[Records from a collection]
____

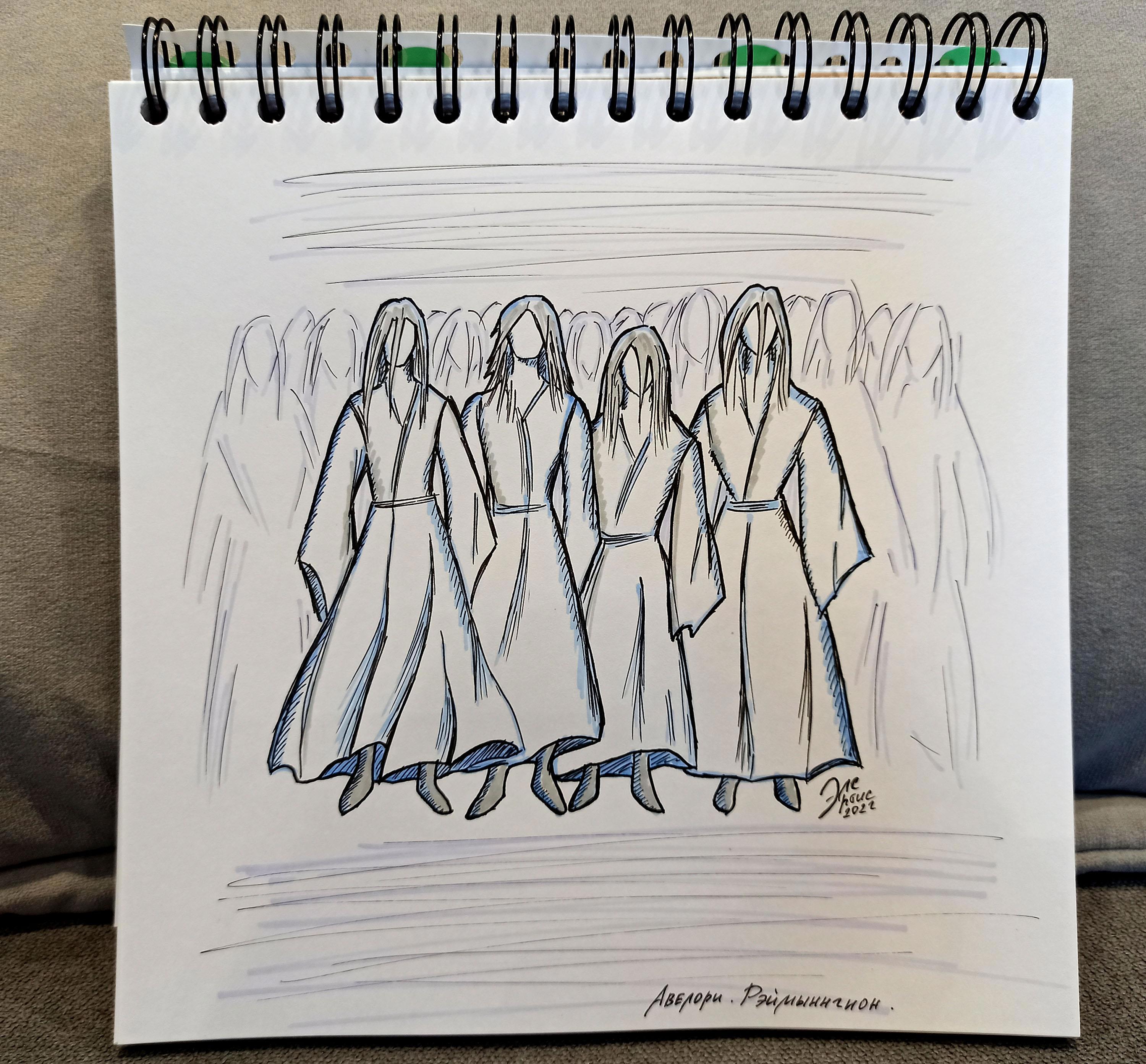 Их тела и длинные неестественно тяжелые волосы словно были сотканы из мутноватой воды. Полупрозрачные, с голубоватым оттенком кожи и уставшими безразличными лицами, авелори напоминали своим видом утопленников или обитателей заброшенного кладбища, решивших прогуляться в дождливый день. Обреченности их жутковатому облику, почти лишенному всяких признаков жизни, добавляли длинные бесформенные одежды белого оттенка.
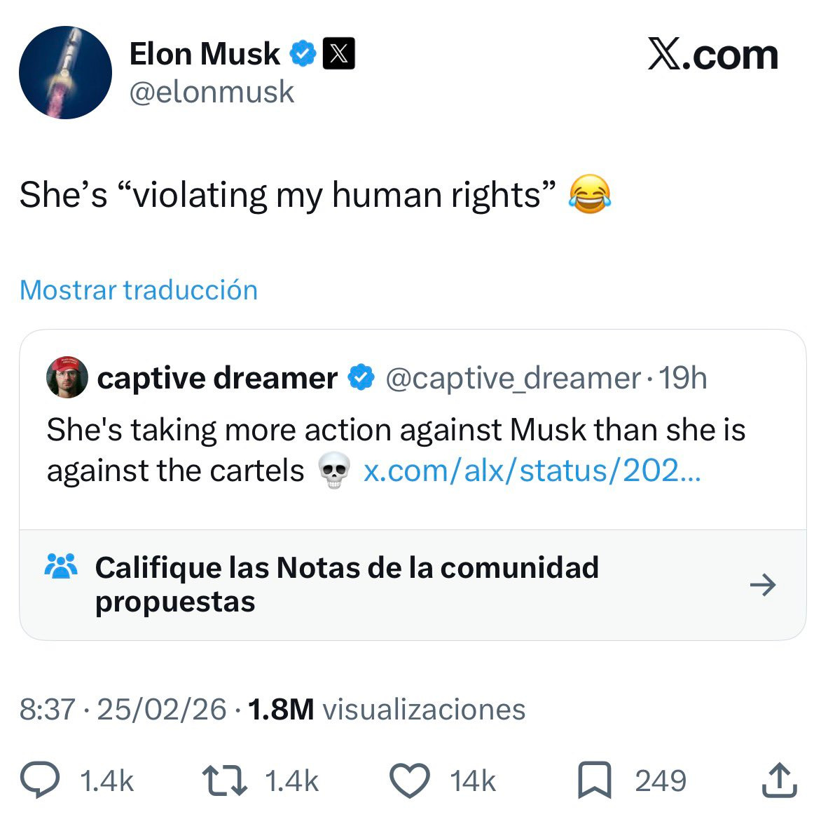 Musk se burla de Sheinbaum: ¿Derechos humanos o derechos del cártel?
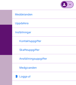 Ingångar till ”Inställningar” och ”Uppdatera” som tidigare fanns synliga i menyn är nu samlade tillsammans med ”Logga ut” och ”Meddelanden” i ”Mitt konto” i höger hörn på inloggade sidor.
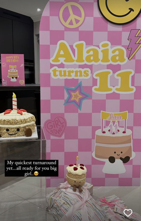 While admitting, “My quickest turnaround yet.. All ready for you big girl”, the TV presenter showcased a picture of a photowall, Alaia’s birthday cake and card, all of which were Jellycat-themed.
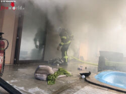 Beim Eintreffen des ersten Fahrzeuges wurde sofort ein Außen- sowie ein Innenangriff vorgenommen. Somit konnte der Brand nach kurzer Zeit abgelöscht werden. Die Dame wurde bei dem Brand verletzt und nach notärztlicher erstversorgt in ein Spital eingeliefert. Die FF Sollenau wurde von der Einsatzleitung zum befüllen der Atemschutzflaschen mit dem WLF – Atemluft nachalarmiert.
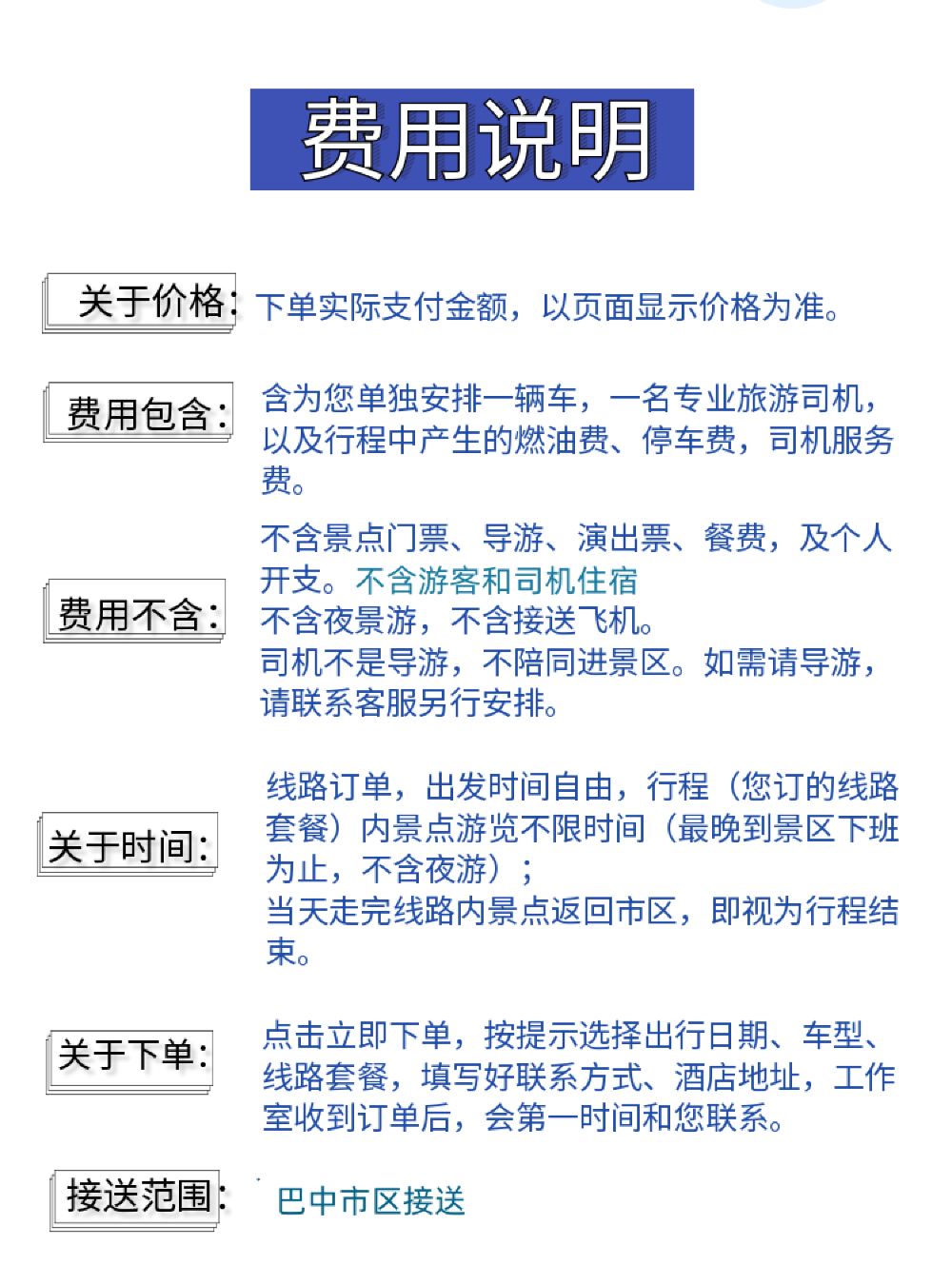 包车独立发车,按照人数选择车型,价格指的是一辆车的价格,独立包车不拼团

____

PROMPT →
Look for the line that contains "på inloggade sidor.", then please copy it and the rest of the lines through the end of the data, pictures excluded.

ANSWER AREA →
 Ingångar till ”Inställningar” och ”Uppdatera” som tidigare fanns synliga i menyn är nu samlade tillsammans med ”Logga ut” och ”Meddelanden” i ”Mitt konto” i höger hörn på inloggade sidor.
 While admitting, “My quickest turnaround yet.. All ready for you big girl”, the TV presenter showcased a picture of a photowall, Alaia’s birthday cake and card, all of which were Jellycat-themed.
 Beim Eintreffen des ersten Fahrzeuges wurde sofort ein Außen- sowie ein Innenangriff vorgenommen. Somit konnte der Brand nach kurzer Zeit abgelöscht werden. Die Dame wurde bei dem Brand verletzt und nach notärztlicher erstversorgt in ein Spital eingeliefert. Die FF Sollenau wurde von der Einsatzleitung zum befüllen der Atemschutzflaschen mit dem WLF – Atemluft nachalarmiert.
 包车独立发车,按照人数选择车型,价格指的是一辆车的价格,独立包车不拼团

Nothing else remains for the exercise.